“Reality is the only teacher. If the training isn’t physically demanding, it isn’t martial. If it isn’t precise, it isn’t Taiji. We embrace the hardship of the ‘forge’ to burn away the ego, leaving behind a physically dangerous practitioner, yet fundamentally still.”
The Physical Audit
Martial training is a process of removing lies from the body. Most people move with tension and call it strength, or move with limpness and call it relaxation. Neither is Taijiquan. To reach the “unaltered” state, one must move past theory and into embodiment.
The following principles are not suggestions; they are the mechanical requirements of the art.
1. The Open Hip (Kua)
Opening the hip is one of the most difficult requirements in Taijiquan. Without an open hip, there is no steering; without steering, there is no power.
In our lineage, we do not simply “turn the waist.” We operate the hips as two distinct yet synchronized engines:
- The Weighted Side (Steering): The side holding slightly more of the weight acts as the axis. It must stay open to steer the incoming force into the ground. If this hip locks, you become a “static target” and will be bullied by superior force.
- The Sunk Side (Power): Power is created in the void. By sinking the hip on the non-weighted side, you create a pressurized rotation.
The Embodiment: One hip rotates inward while the other rotates outward. This counter-rotation is the source of the “spiraling” power that Hong Junsheng decoded over 15 years in Beijing.
2. Sink and Turn
This is the distilled essence of the art. It is the answer provided by Master Liu ChengDe when asked to define Taiji.
- Sink: This is the health requirement. Sinking the hip decompressses the spine and restores the lower back. It is how Liu healed his own body.
- Turn: This is the martial requirement. The turn is not a twist of the shoulders; it is a rotation of the center made possible only by the open hips.
When these two are unified, you have the “stability that cannot be moved.”

3. No Empty Postures
In 1956, Chen Fa-ke confirmed that in this stream, there are no empty postures.

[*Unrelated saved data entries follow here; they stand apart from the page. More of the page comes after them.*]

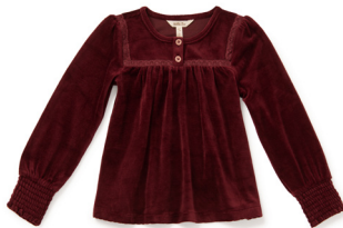
BRONWYN GIRLS' VELOUR TOP *NEW!* | 32171T | 2-16y $42
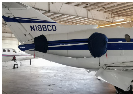
Hawker 750 Engine Covers
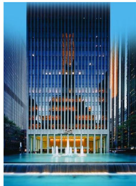
Exterior view of 1251 Avenue of the Americas
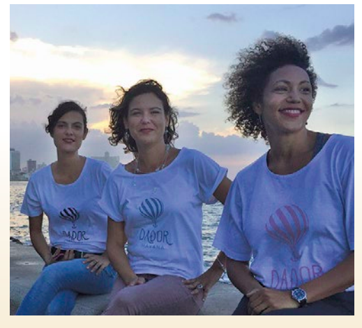
Founders and owners of Dador

Later today, visit the Ludwig Foundation, a nonprofit cultural institution that is dedicated to protecting and promoting Cuban artists. Meet independent local artists and learn about their desires to pursue artistic ventures. Then, visit the historic Hotel Nacional for a tour of the property followed by dinner at a paladar .
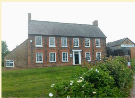
Sycamore House, Drayton Road, Water Eaton, MK2 3RR
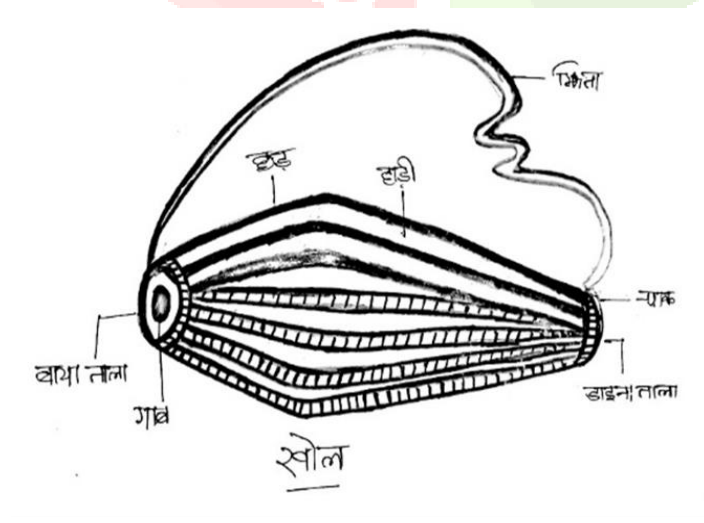
The Khol (A percussion instrument used in Kushan Gaan)

Bain and chorus singers: Dhuti, Genji and Gaamchha.
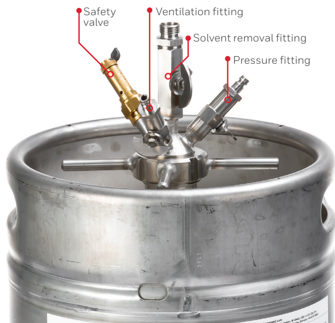
Dispensing head for containers with integrated dip tube
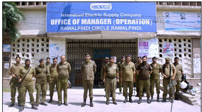
ISLAMABAD: Police personals stands alert outside IESCO office of Manager (Operation) Rawalpindi circle in the city. As IESCO's request, Rawalpindi police have deployed over 500 personnel to provide security for electricity offices to avoid "unpleasant" situations.
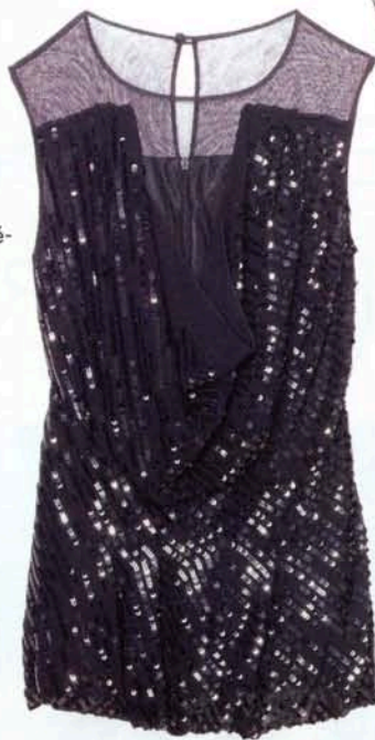
MAXMARA sequined blouse ($1,090), 212-879-6100.
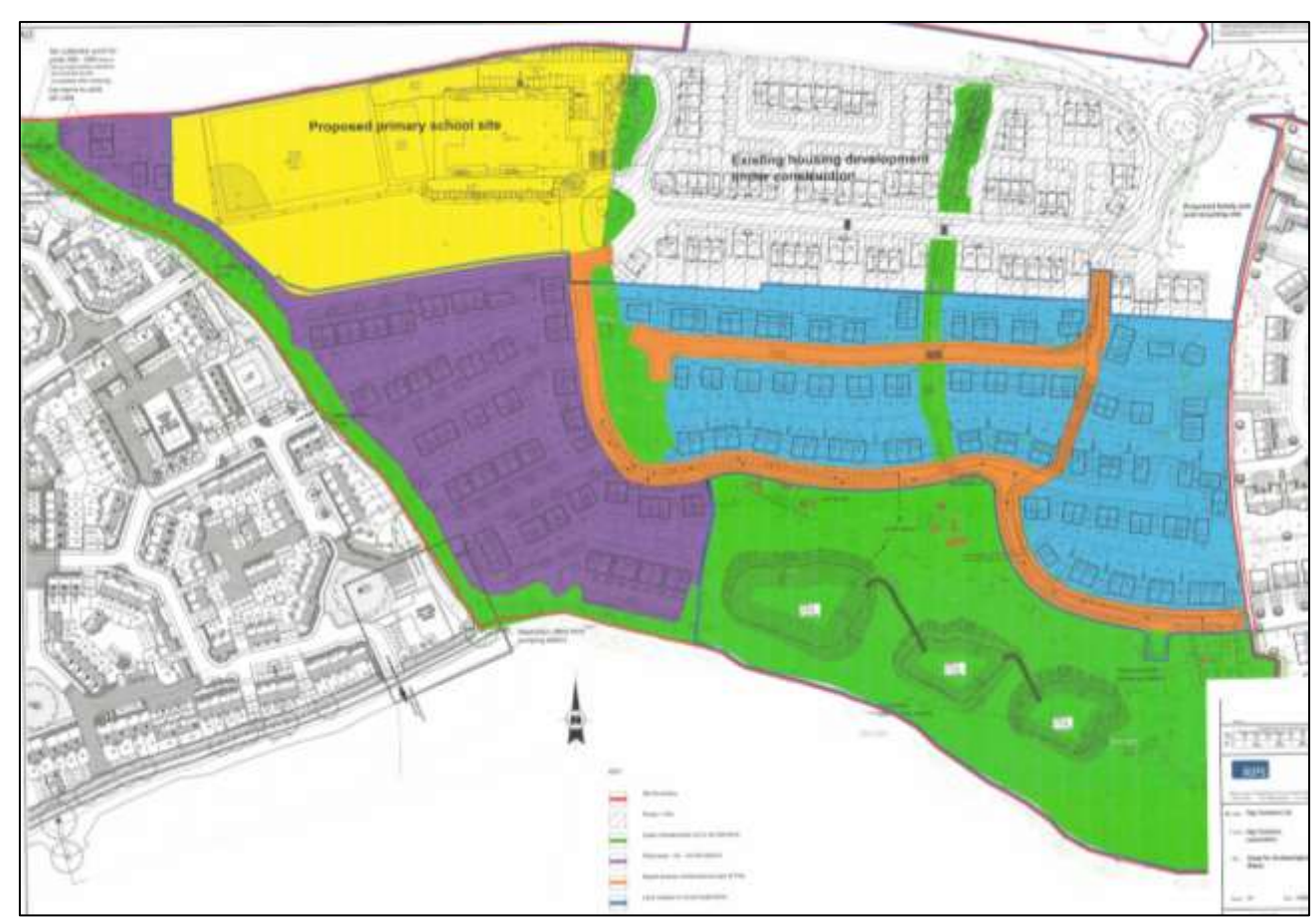
FIGURE 1: SITE PLAN. THE AREA SHOWN IN BLUE IS THE PART OF THE SITE RELELVANT TO THIS REPORT.

South West Archaeology Ltd. (SWARCH) was commissioned by a Private Client to undertake a site visit on land at Hay Common, south of Hay Parc, Launceston under the conditions of the Written Scheme of Investigation (Valentin 2015) to establish the level of potential survival of archaeological remains following the commencement of ground works associated with a secondary phase of residential development (hereafter 'the site'). A geophysical survey had been previously carried out across the wider development area (Sabin & Donaldson 2010) identifying a series of curving linear anomalies indicating former (possibly medieval) field boundary divisions associated with historic agriculture; as well as several further anomalies which may or may not be natural in origin. No records for other archaeological work across the site have been established although it is presumed that the phase 1 development area was subject to the required watching brief. This Phase 1 works may have included monitoring of works in some of the Phase 2 area as it had been stripped, at least in part, presumably during compond construction and of material storage.

- If a movement has no martial application, it is empty.
- If a movement has no health benefit, it is empty.
- If the hip is closed, the posture is empty.
To train “martially” means to ensure that every posture can withstand a partner’s weight. To train “peacefully” means to do so without the ego-driven tension that leads to a desire to ‘win’.
4. The Calm of Capability
We do not seek a “Zen aura” through imagination. We seek it through Mechanical Efficiency.
A man who cannot open his hips must struggle, pant, and fight to move an opponent. A man who has embodied these principles moves with the calm of a machine because he is no longer fighting himself. He is dangerous because he is efficient; he is peaceful because he is certain.